#### [Work required]
Quote all lines below exactly. Images stay out.

#### [Dataset content]

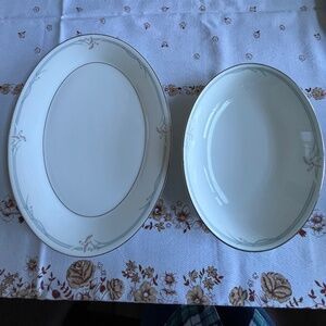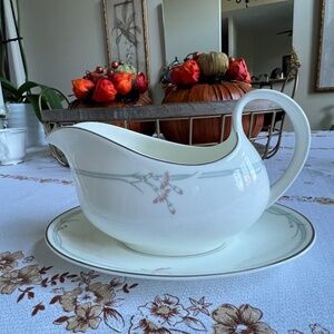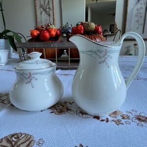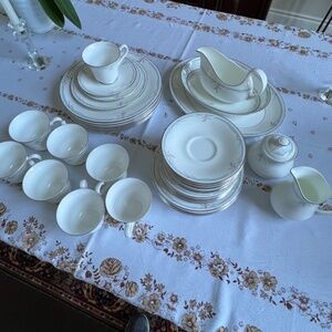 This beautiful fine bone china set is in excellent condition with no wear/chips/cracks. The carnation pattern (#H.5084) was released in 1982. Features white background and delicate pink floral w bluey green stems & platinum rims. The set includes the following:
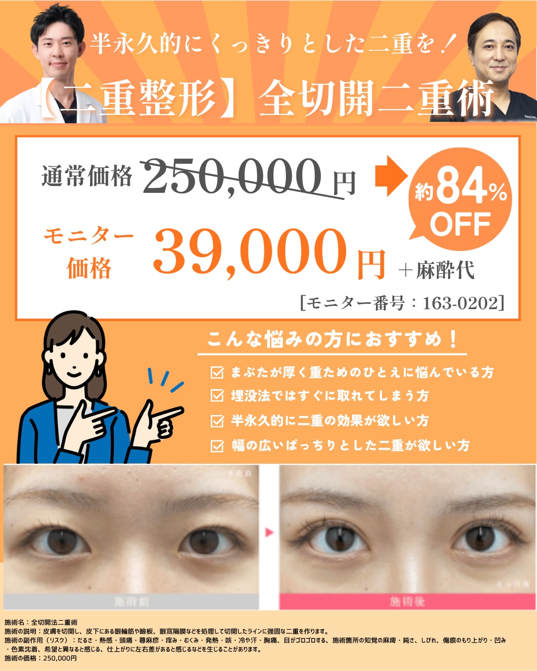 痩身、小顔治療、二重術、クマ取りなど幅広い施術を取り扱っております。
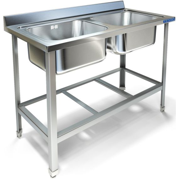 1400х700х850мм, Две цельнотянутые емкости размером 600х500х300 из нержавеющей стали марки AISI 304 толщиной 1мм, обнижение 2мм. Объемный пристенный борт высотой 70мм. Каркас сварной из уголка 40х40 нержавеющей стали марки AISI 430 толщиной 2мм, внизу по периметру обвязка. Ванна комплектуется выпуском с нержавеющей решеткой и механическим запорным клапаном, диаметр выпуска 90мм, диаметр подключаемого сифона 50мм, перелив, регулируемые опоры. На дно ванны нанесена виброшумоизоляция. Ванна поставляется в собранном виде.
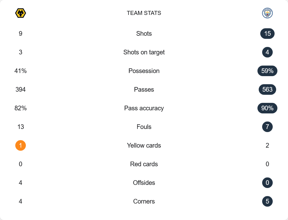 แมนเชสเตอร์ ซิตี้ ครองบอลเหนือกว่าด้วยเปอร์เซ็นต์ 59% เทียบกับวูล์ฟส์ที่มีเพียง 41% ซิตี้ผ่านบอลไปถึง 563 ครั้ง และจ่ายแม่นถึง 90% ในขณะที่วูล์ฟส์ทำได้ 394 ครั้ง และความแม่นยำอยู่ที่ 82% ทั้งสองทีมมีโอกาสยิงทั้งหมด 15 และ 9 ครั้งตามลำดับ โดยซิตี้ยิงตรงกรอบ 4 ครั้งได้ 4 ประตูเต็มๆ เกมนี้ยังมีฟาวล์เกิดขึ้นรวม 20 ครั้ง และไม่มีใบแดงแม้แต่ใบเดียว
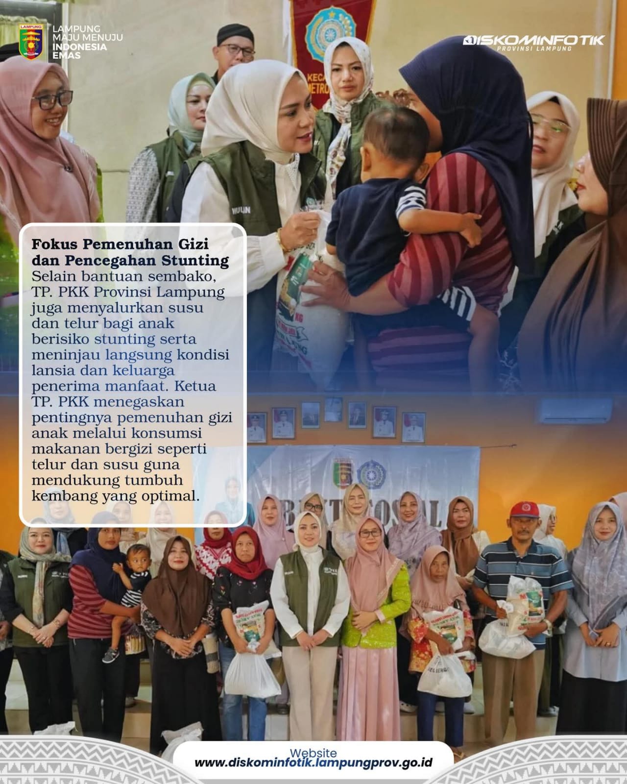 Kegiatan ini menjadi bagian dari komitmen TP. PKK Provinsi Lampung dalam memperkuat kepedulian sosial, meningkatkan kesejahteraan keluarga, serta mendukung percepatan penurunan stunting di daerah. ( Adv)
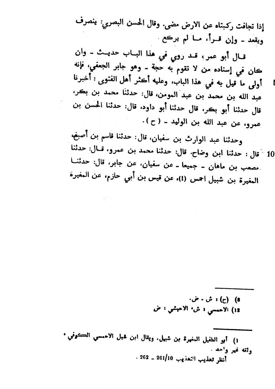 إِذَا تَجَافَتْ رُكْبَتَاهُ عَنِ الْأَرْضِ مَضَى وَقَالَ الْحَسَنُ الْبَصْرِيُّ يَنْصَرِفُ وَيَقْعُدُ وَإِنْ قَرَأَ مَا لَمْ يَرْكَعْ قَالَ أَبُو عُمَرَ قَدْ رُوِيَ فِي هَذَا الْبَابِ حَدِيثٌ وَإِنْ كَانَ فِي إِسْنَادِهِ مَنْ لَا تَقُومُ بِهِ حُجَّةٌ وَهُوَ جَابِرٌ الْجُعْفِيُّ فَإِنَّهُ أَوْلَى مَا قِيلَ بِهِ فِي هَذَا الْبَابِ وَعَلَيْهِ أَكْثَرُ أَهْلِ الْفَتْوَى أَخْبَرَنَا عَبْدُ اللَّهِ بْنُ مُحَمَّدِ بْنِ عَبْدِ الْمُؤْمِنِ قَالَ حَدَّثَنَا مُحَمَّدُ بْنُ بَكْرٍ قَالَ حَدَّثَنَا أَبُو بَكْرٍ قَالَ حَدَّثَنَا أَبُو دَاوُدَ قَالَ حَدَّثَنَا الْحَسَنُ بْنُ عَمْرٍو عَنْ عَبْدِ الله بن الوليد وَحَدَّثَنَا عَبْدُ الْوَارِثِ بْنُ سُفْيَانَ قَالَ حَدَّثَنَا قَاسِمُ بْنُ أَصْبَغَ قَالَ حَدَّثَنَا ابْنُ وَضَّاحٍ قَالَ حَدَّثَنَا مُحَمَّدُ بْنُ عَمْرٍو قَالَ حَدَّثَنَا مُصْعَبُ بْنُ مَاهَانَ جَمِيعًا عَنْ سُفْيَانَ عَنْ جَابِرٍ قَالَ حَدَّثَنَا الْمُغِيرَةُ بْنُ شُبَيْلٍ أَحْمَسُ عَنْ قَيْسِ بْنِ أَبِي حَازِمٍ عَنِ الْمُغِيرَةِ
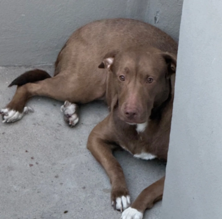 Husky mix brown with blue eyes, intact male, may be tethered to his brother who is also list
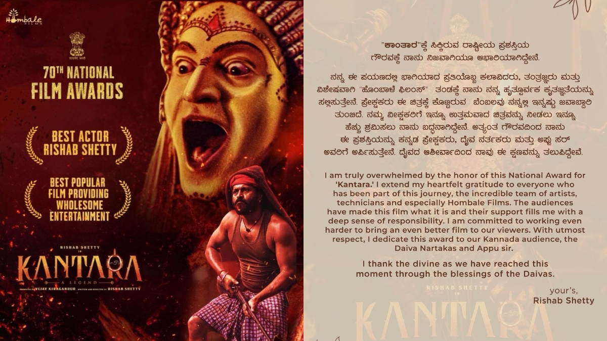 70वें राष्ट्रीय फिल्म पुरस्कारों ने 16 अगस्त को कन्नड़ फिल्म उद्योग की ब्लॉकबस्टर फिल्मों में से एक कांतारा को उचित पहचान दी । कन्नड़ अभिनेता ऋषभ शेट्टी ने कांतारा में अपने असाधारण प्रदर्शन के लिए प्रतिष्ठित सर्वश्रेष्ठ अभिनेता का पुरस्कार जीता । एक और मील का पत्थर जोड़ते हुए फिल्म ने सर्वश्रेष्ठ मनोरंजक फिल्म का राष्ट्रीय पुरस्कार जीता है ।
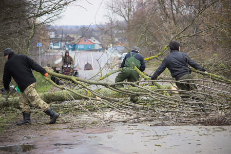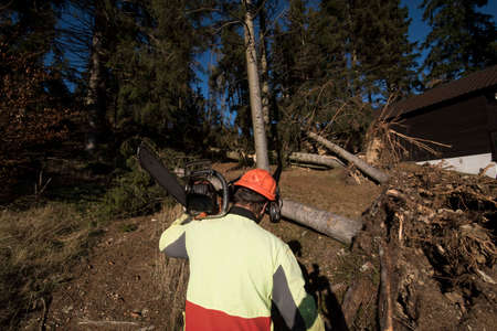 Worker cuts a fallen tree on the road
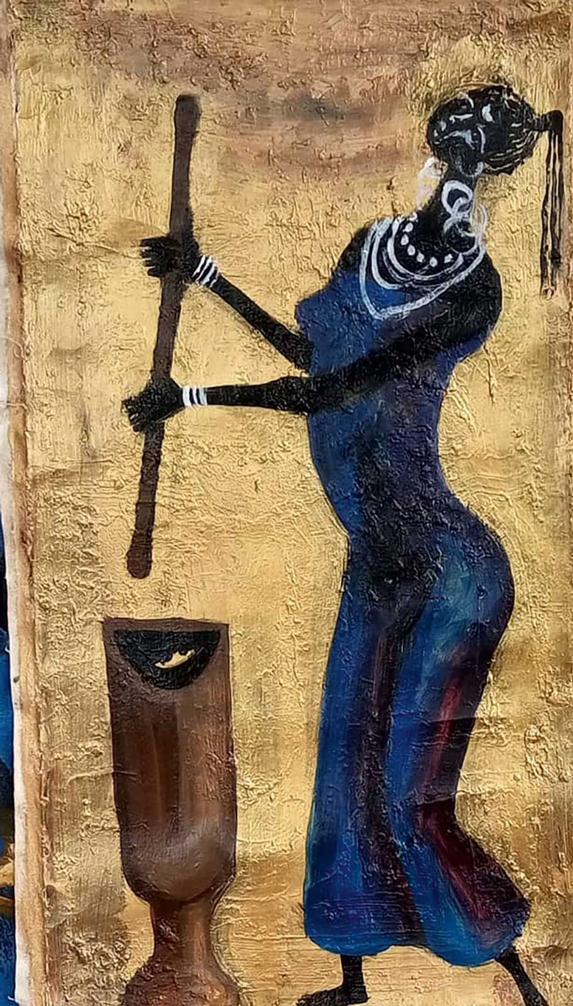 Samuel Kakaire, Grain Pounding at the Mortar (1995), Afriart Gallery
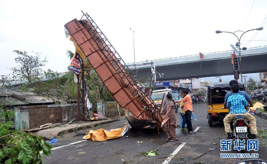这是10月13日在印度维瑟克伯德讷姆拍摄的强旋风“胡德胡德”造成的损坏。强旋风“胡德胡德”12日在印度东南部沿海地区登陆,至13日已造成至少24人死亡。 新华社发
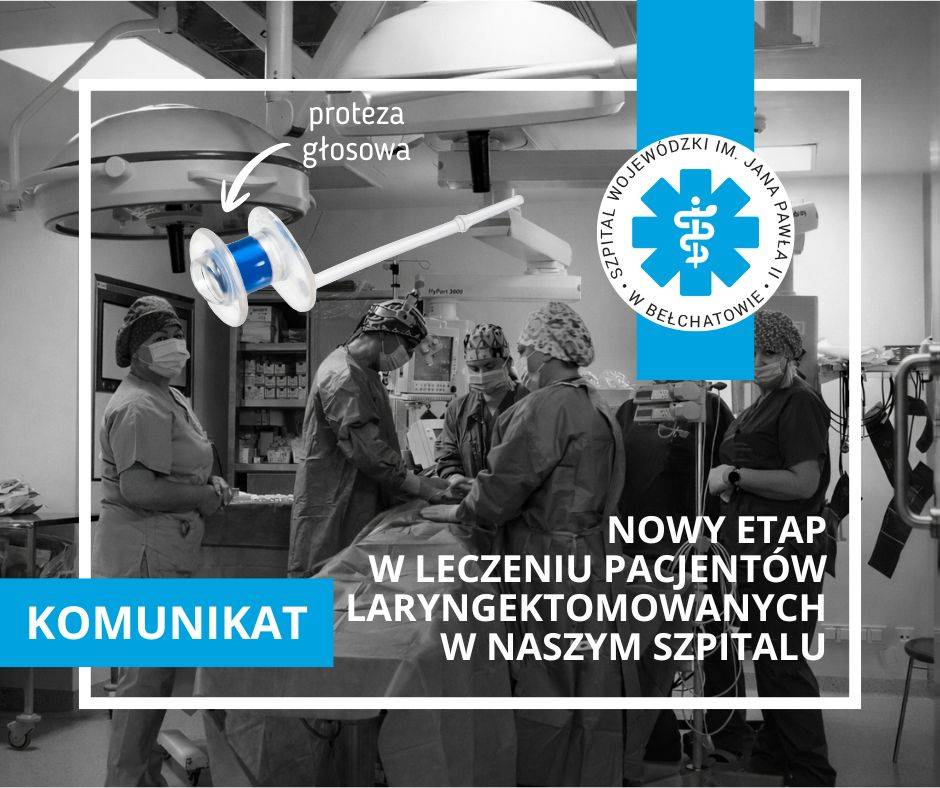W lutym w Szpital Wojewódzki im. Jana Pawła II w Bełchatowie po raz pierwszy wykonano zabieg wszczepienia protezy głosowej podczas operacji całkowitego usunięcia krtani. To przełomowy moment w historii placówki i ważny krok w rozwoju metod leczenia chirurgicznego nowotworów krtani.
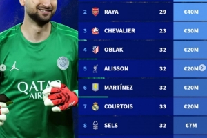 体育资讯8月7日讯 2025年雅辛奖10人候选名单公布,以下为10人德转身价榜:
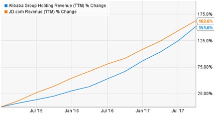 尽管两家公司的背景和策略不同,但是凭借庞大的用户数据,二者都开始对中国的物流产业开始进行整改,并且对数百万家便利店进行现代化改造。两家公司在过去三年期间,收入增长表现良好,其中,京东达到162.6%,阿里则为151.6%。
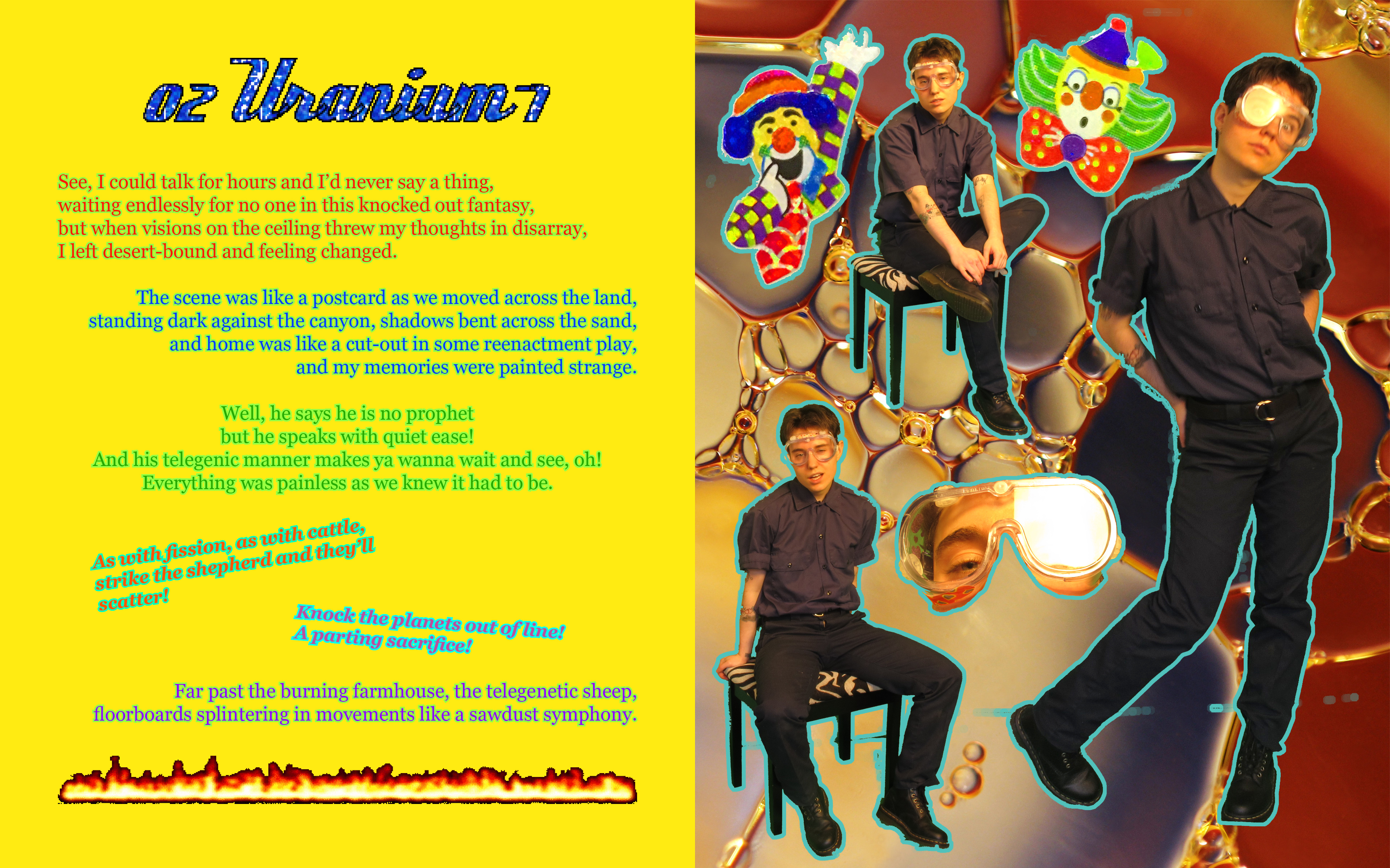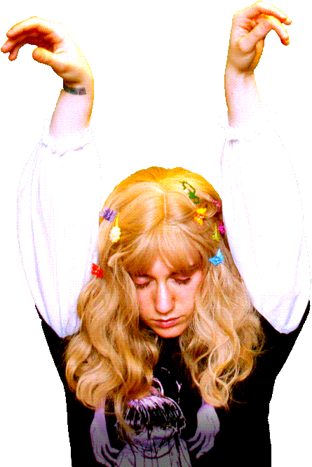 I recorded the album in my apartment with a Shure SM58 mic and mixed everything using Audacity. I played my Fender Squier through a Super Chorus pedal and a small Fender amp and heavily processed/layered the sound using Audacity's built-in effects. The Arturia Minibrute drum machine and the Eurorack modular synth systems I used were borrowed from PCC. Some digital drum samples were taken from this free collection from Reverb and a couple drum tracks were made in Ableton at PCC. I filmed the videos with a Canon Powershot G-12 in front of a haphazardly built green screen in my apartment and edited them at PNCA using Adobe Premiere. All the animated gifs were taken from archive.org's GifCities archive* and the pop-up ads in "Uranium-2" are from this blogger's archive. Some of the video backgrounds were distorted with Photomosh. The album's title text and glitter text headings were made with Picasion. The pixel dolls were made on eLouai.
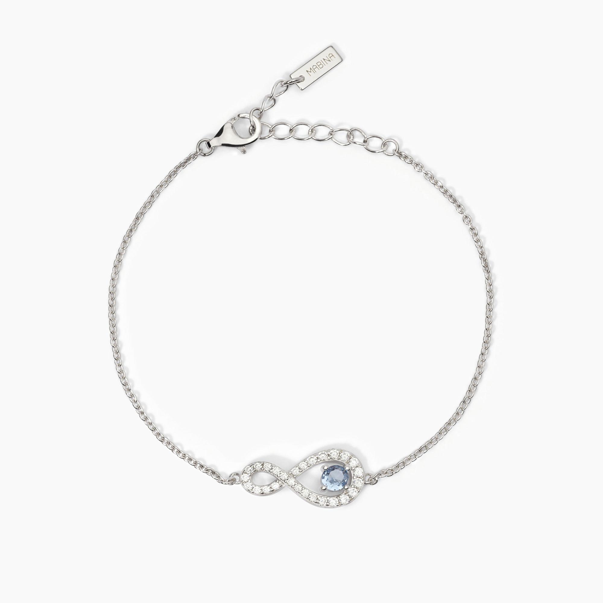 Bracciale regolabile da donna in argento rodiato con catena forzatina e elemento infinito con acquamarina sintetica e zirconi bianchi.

#### [Response to this task]
 This beautiful fine bone china set is in excellent condition with no wear/chips/cracks. The carnation pattern (#H.5084) was released in 1982. Features white background and delicate pink floral w bluey green stems & platinum rims. The set includes the following:
 痩身、小顔治療、二重術、クマ取りなど幅広い施術を取り扱っております。
 1400х700х850мм, Две цельнотянутые емкости размером 600х500х300 из нержавеющей стали марки AISI 304 толщиной 1мм, обнижение 2мм. Объемный пристенный борт высотой 70мм. Каркас сварной из уголка 40х40 нержавеющей стали марки AISI 430 толщиной 2мм, внизу по периметру обвязка. Ванна комплектуется выпуском с нержавеющей решеткой и механическим запорным клапаном, диаметр выпуска 90мм, диаметр подключаемого сифона 50мм, перелив, регулируемые опоры. На дно ванны нанесена виброшумоизоляция. Ванна поставляется в собранном виде.
 แมนเชสเตอร์ ซิตี้ ครองบอลเหนือกว่าด้วยเปอร์เซ็นต์ 59% เทียบกับวูล์ฟส์ที่มีเพียง 41% ซิตี้ผ่านบอลไปถึง 563 ครั้ง และจ่ายแม่นถึง 90% ในขณะที่วูล์ฟส์ทำได้ 394 ครั้ง และความแม่นยำอยู่ที่ 82% ทั้งสองทีมมีโอกาสยิงทั้งหมด 15 และ 9 ครั้งตามลำดับ โดยซิตี้ยิงตรงกรอบ 4 ครั้งได้ 4 ประตูเต็มๆ เกมนี้ยังมีฟาวล์เกิดขึ้นรวม 20 ครั้ง และไม่มีใบแดงแม้แต่ใบเดียว
 Kegiatan ini menjadi bagian dari komitmen TP. PKK Provinsi Lampung dalam memperkuat kepedulian sosial, meningkatkan kesejahteraan keluarga, serta mendukung percepatan penurunan stunting di daerah. ( Adv)
 إِذَا تَجَافَتْ رُكْبَتَاهُ عَنِ الْأَرْضِ مَضَى وَقَالَ الْحَسَنُ الْبَصْرِيُّ يَنْصَرِفُ وَيَقْعُدُ وَإِنْ قَرَأَ مَا لَمْ يَرْكَعْ قَالَ أَبُو عُمَرَ قَدْ رُوِيَ فِي هَذَا الْبَابِ حَدِيثٌ وَإِنْ كَانَ فِي إِسْنَادِهِ مَنْ لَا تَقُومُ بِهِ حُجَّةٌ وَهُوَ جَابِرٌ الْجُعْفِيُّ فَإِنَّهُ أَوْلَى مَا قِيلَ بِهِ فِي هَذَا الْبَابِ وَعَلَيْهِ أَكْثَرُ أَهْلِ الْفَتْوَى أَخْبَرَنَا عَبْدُ اللَّهِ بْنُ مُحَمَّدِ بْنِ عَبْدِ الْمُؤْمِنِ قَالَ حَدَّثَنَا مُحَمَّدُ بْنُ بَكْرٍ قَالَ حَدَّثَنَا أَبُو بَكْرٍ قَالَ حَدَّثَنَا أَبُو دَاوُدَ قَالَ حَدَّثَنَا الْحَسَنُ بْنُ عَمْرٍو عَنْ عَبْدِ الله بن الوليد وَحَدَّثَنَا عَبْدُ الْوَارِثِ بْنُ سُفْيَانَ قَالَ حَدَّثَنَا قَاسِمُ بْنُ أَصْبَغَ قَالَ حَدَّثَنَا ابْنُ وَضَّاحٍ قَالَ حَدَّثَنَا مُحَمَّدُ بْنُ عَمْرٍو قَالَ حَدَّثَنَا مُصْعَبُ بْنُ مَاهَانَ جَمِيعًا عَنْ سُفْيَانَ عَنْ جَابِرٍ قَالَ حَدَّثَنَا الْمُغِيرَةُ بْنُ شُبَيْلٍ أَحْمَسُ عَنْ قَيْسِ بْنِ أَبِي حَازِمٍ عَنِ الْمُغِيرَةِ
 Husky mix brown with blue eyes, intact male, may be tethered to his brother who is also list
 70वें राष्ट्रीय फिल्म पुरस्कारों ने 16 अगस्त को कन्नड़ फिल्म उद्योग की ब्लॉकबस्टर फिल्मों में से एक कांतारा को उचित पहचान दी । कन्नड़ अभिनेता ऋषभ शेट्टी ने कांतारा में अपने असाधारण प्रदर्शन के लिए प्रतिष्ठित सर्वश्रेष्ठ अभिनेता का पुरस्कार जीता । एक और मील का पत्थर जोड़ते हुए फिल्म ने सर्वश्रेष्ठ मनोरंजक फिल्म का राष्ट्रीय पुरस्कार जीता है ।
 Worker cuts a fallen tree on the road
 Samuel Kakaire, Grain Pounding at the Mortar (1995), Afriart Gallery
这是10月13日在印度维瑟克伯德讷姆拍摄的强旋风“胡德胡德”造成的损坏。强旋风“胡德胡德”12日在印度东南部沿海地区登陆,至13日已造成至少24人死亡。 新华社发
W lutym w Szpital Wojewódzki im. Jana Pawła II w Bełchatowie po raz pierwszy wykonano zabieg wszczepienia protezy głosowej podczas operacji całkowitego usunięcia krtani. To przełomowy moment w historii placówki i ważny krok w rozwoju metod leczenia chirurgicznego nowotworów krtani.
 体育资讯8月7日讯 2025年雅辛奖10人候选名单公布,以下为10人德转身价榜:
 尽管两家公司的背景和策略不同,但是凭借庞大的用户数据,二者都开始对中国的物流产业开始进行整改,并且对数百万家便利店进行现代化改造。两家公司在过去三年期间,收入增长表现良好,其中,京东达到162.6%,阿里则为151.6%。
 I recorded the album in my apartment with a Shure SM58 mic and mixed everything using Audacity. I played my Fender Squier through a Super Chorus pedal and a small Fender amp and heavily processed/layered the sound using Audacity's built-in effects. The Arturia Minibrute drum machine and the Eurorack modular synth systems I used were borrowed from PCC. Some digital drum samples were taken from this free collection from Reverb and a couple drum tracks were made in Ableton at PCC. I filmed the videos with a Canon Powershot G-12 in front of a haphazardly built green screen in my apartment and edited them at PNCA using Adobe Premiere. All the animated gifs were taken from archive.org's GifCities archive* and the pop-up ads in "Uranium-2" are from this blogger's archive. Some of the video backgrounds were distorted with Photomosh. The album's title text and glitter text headings were made with Picasion. The pixel dolls were made on eLouai.
 Bracciale regolabile da donna in argento rodiato con catena forzatina e elemento infinito con acquamarina sintetica e zirconi bianchi.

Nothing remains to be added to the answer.